* [EXERCISE GOAL]:
With the pictures left out, transcribe exactly the lines from the one with "Event Supply Co." through the end of the data.

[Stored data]
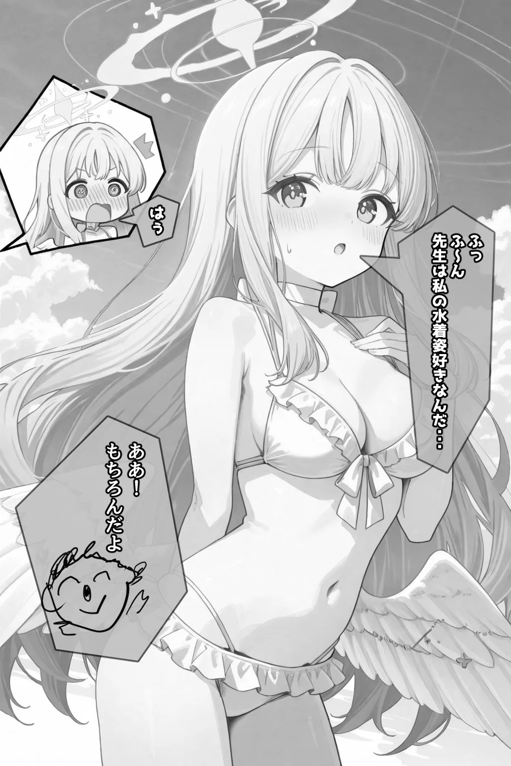 頰を赤らめ、潤んだ瞳で見つめながら、水着の肩紐をそっと指先でずらしていくよ
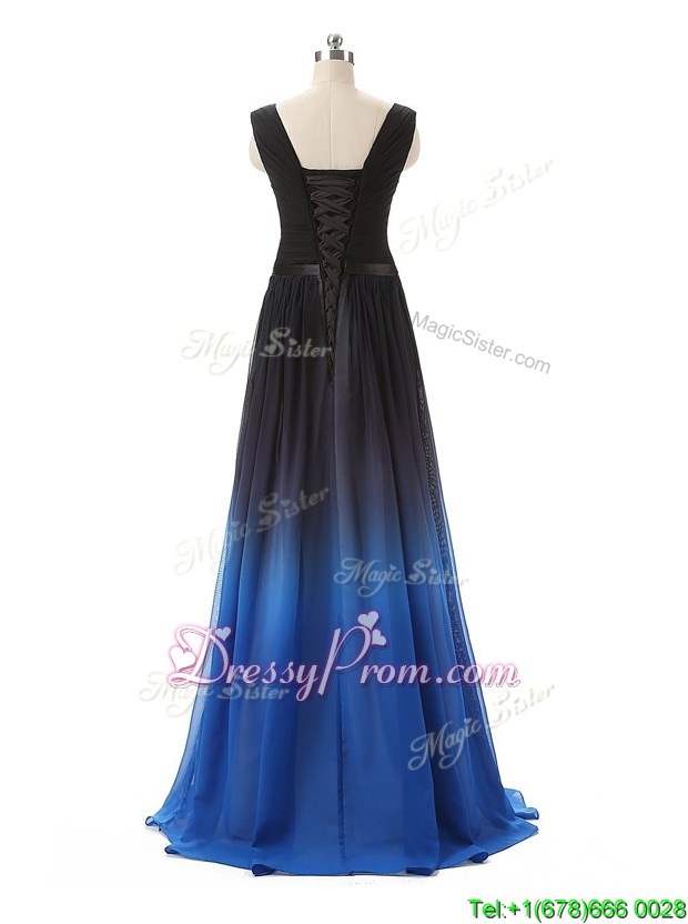 Neckline : V-neckShown Color : Blue And BlackSilhouette : A-lineSleeve Length : sleevelessHemline : floor lengthBack Detail : ZipperFabric : Chiffon,TulleEmbellishment : BeltOccasion : Prom,PartySeason : Spring,Summer,Fall
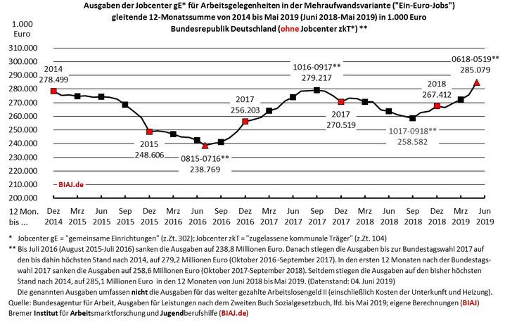 Übersicht des BIAJ zur Entwicklung der Ausgaben für “Ein-Euro-Jobs” von 2014 bis Mai 2019. Hier stellt das Bremer Instiuts für Arbeitsmarktforschung und Jugendberufshilfe (BIAJ) auch Informationen zu einzelnen Bundesländern zur Verfügung. In den Ländern stellt sich die Entwicklung dieser Ausgaben des Bundes teilweise sehr unterschiedlich dar.
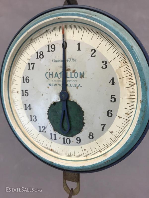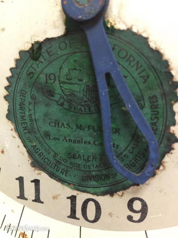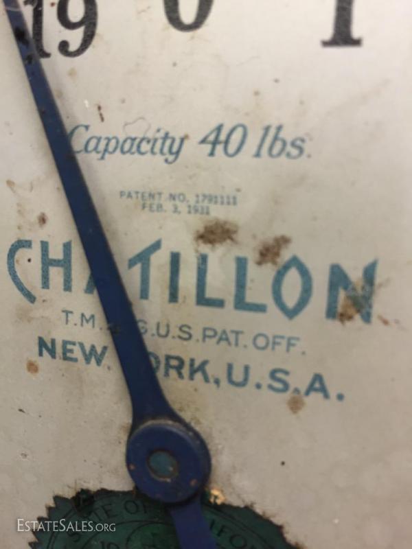 Vintage Depression-era Chantillon & Sons produce scale, w/ Department of Agriculture tag dating "1935". Hangs 22"
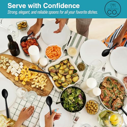 10" Black Plastic Serving Spoons for Buffet, Bulk 12 Count, Heavy Duty Disposable Spoon, Large Plastic Serving Utensils for Catering Supplies, Events, Party, Weddings & More - C&S Event Supply Co.
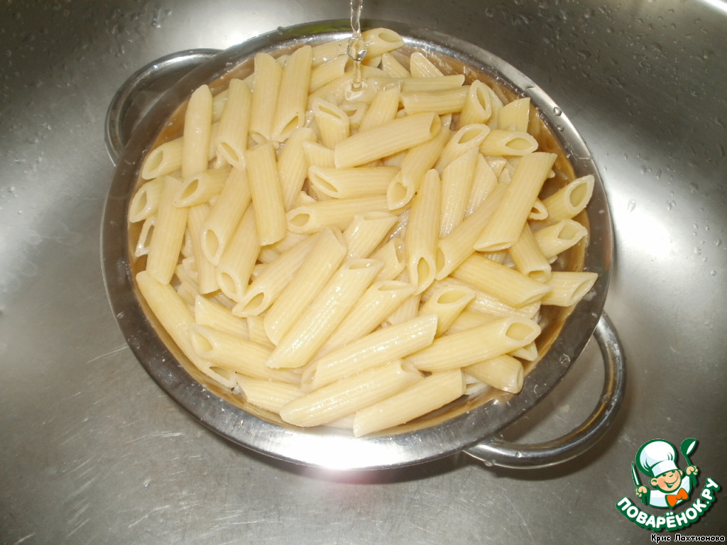 А тем временем, пока все тушится, нам нужно отварить пасту до готовности аль денте (вытянуть за 3 минуты до готовности), откинуть на дуршлаг и промыть под холодной водой (воду сливать всю не нужно, примерно кружечку нужно оставить). Очень хотела попробовать пасту TM Parmalat, но, к моему великому сожалению, в нашей глуши я такую не нашла.:(

* [ANSWER BELOW]:
 10" Black Plastic Serving Spoons for Buffet, Bulk 12 Count, Heavy Duty Disposable Spoon, Large Plastic Serving Utensils for Catering Supplies, Events, Party, Weddings & More - C&S Event Supply Co.
 А тем временем, пока все тушится, нам нужно отварить пасту до готовности аль денте (вытянуть за 3 минуты до готовности), откинуть на дуршлаг и промыть под холодной водой (воду сливать всю не нужно, примерно кружечку нужно оставить). Очень хотела попробовать пасту TM Parmalat, но, к моему великому сожалению, в нашей глуши я такую не нашла.:(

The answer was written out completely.